▼▼▼
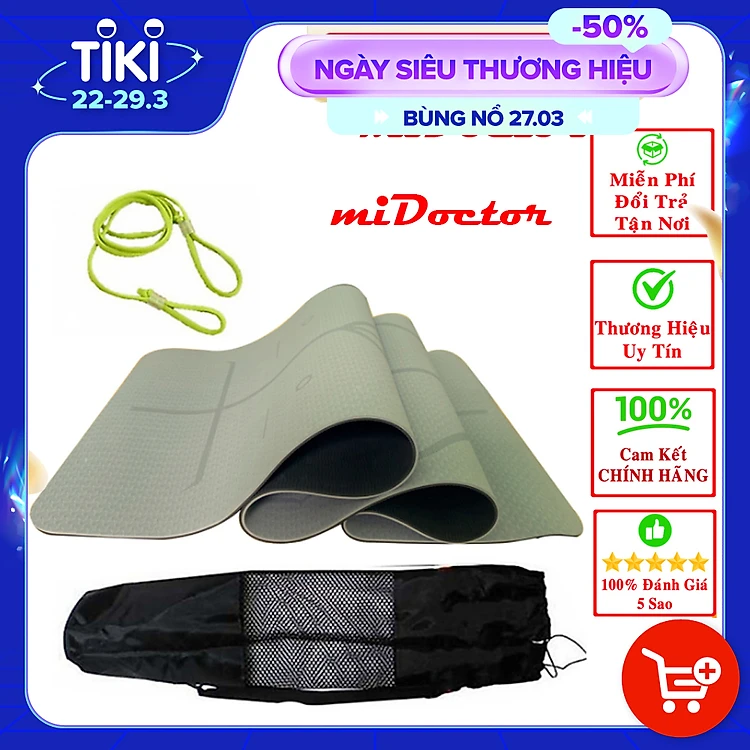 Thảm Tập Yoga Định Tuyến TPE 2 Lớp – Chọn Màu – Chọn Độ Dày + Bao Thảm Tập Yoga + Dây Buộc Thảm Tập Yoga Chính Hãng miDoctor
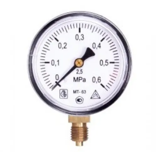 Манометр МТ-63 0-0,4 МПа предназначен для измерения давления неагрессивных, некристаллизирующихся жидкостей, газа и пара.
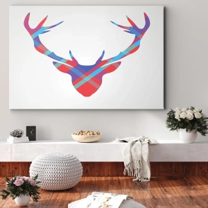 Canvas schilderij "Geometrische afbeelding van een hert op een lichte achtergrond" is een originele decoratie die bekoort door zijn eenvoud en moderne design. Het geometrische hertenmotief, gemaakt van kleurrijke lijnen, brengt een unieke harmonie en artistiek karakter in het interieur.
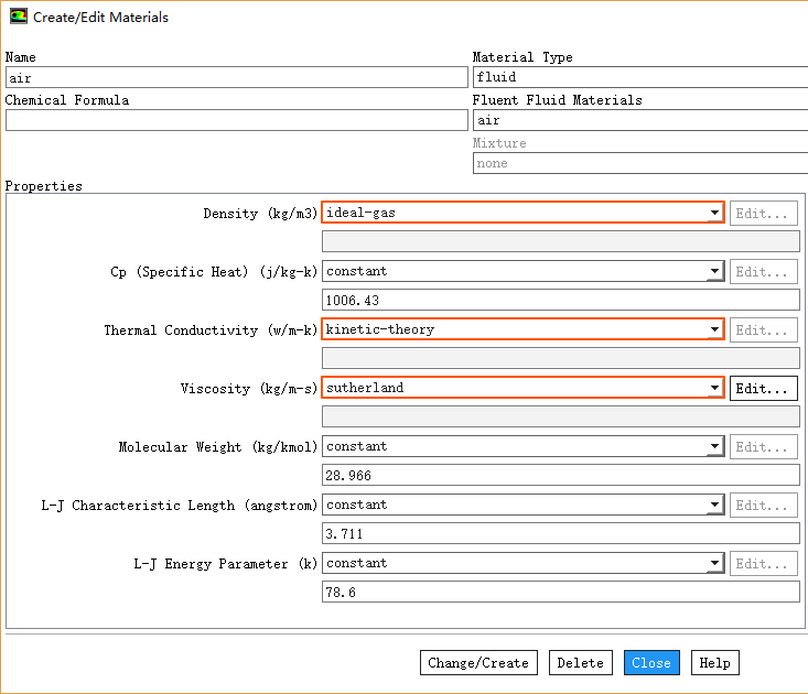鼠标双击模型树节点Materials > Fluid > air,弹出材料属性设置对话框,如下图所示进行设置
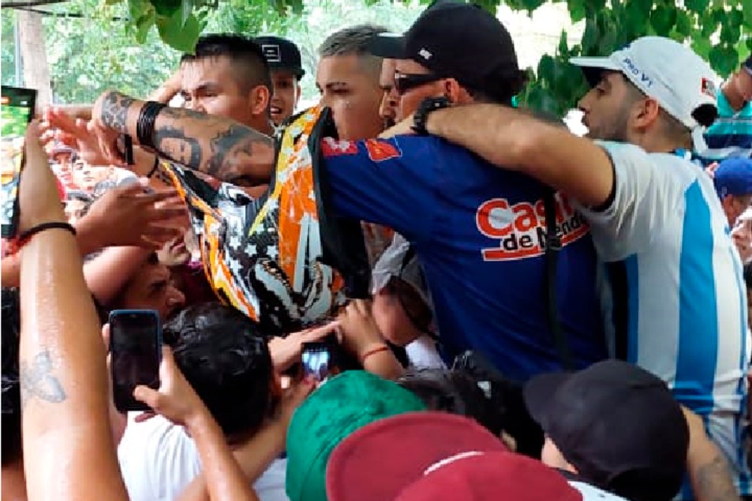 Los seguidores del artista, bajo la lluvia, lo acompañaron mientras el cantante viajaba en una moto por la avenida hacia la Isla 132. Deslizá y mirá el video:
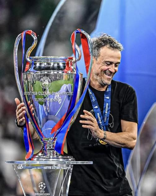 യുവേഫ ചാമ്പ്യൻസ് ലീഗ് ട്രോഫിയുമായി ലൂയിസ് എൻറിക്വ് . Photo: Fabrizio Romano/facebook.com
▲▲▲
ACTIVITY: All that is required is an exact reproduction of the lines from the one containing "Los seguidores del" to the final line of the listing above, pictures omitted.

REPLY:
 Los seguidores del artista, bajo la lluvia, lo acompañaron mientras el cantante viajaba en una moto por la avenida hacia la Isla 132. Deslizá y mirá el video:
 യുവേഫ ചാമ്പ്യൻസ് ലീഗ് ട്രോഫിയുമായി ലൂയിസ് എൻറിക്വ് . Photo: Fabrizio Romano/facebook.com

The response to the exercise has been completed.